Chapter 9 Markov processes

Learning Objectives

State the essential features of a Markov process model.
Define a Poisson process, derive the distribution of the number of events in a given time interval, derive the distribution of inter-event times, and apply these results.
Derive the Kolmogorov equations for a Markov process with time independent and time/age dependent transition intensities.
Solve the Kolmogorov equations in simple cases.
State the Kolmogorov equations for a model where the transition intensities depend not only on age/time, but also on the duration of stay in one or more states.
Describe sickness and marriage models in terms of duration dependent Markov processes and describe other simple applications.
Demonstrate how Markov jump processes can be used as a tool for modelling and how they can be simulated.

Theory

9.0.1 Chapter: Markov Processes (Syllabus Objectives 3.3.1 - 3.3.8)
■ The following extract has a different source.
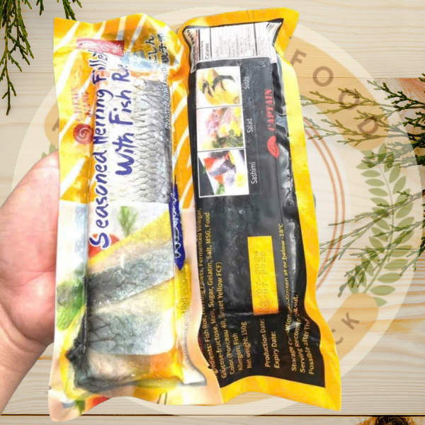 - Thành phần: Sản phẩm được làm từ cá trích phi lê ngâm giấm, kết hợp với trứng cá chuồn, tạo nên hương vị hoàn hảo, hấp dẫn.

This section is vital, contributing significantly to the “Stochastic processes” syllabus topic, which holds a substantial 25% weighting in your CS2 assessment. Markov processes, particularly Markov jump processes, are continuous-time models of phenomena that evolve randomly over time, driven by their defining Markov property.

9.0.1.1 Objective 1: State the essential features of a Markov process model.

A Markov process, at its heart, is a stochastic process exhibiting a unique and powerful characteristic: the Markov property.

Stochastic Process Foundation:
- A stochastic process is fundamentally a model for a time-dependent random phenomenon. It’s a collection of random variables, denoted as $\{X_t : t \in J\}$, where each $X_t$ models the value of the process at time $t$ within some defined time set $J$.
- Processes can be classified based on their time set ($J$) and state space ($S$):
  - Continuous Time, Discrete State Space: This is the category for a Markov jump process. Examples include the number of claims arriving at an insurance company, an individual’s health status (healthy, sick, dead), or the number of occupied parking spaces.
  - Discrete Time, Discrete State Space: This defines a Markov chain. Think of no-claims discount levels in motor insurance, where changes occur at fixed yearly intervals.
  - Discrete Time, Continuous State Space: This is characteristic of time series (e.g., daily stock prices) or general random walks.
  - Continuous Time, Continuous State Space: Examples include Brownian motion or diffusion processes, typically covered in CM2.
  - Mixed Type: Some processes might transition between these, like pension scheme contributors (continuous time with discrete changes).
The Markov Property:
- The defining feature: “A major simplification occurs if the future development of a process can be predicted from its present state alone, without any reference to its past history”.
- Mathematically, for any times $s_1 < s_2 < \dots < s_n < s < t$ and states $x_1, \dots, x_n, x$, and any subset $A$ of the state space $S$: $P[X_t \in A | X_{s_1}=x_1, \dots, X_{s_n}=x_n, X_s=x] = P[X_t \in A | X_s=x]$.
- In simpler terms, given the current state, additional knowledge of the past is irrelevant for predicting the future.
- A significant implication: processes with independent increments (where increments over non-overlapping intervals are statistically independent) always possess the Markov property.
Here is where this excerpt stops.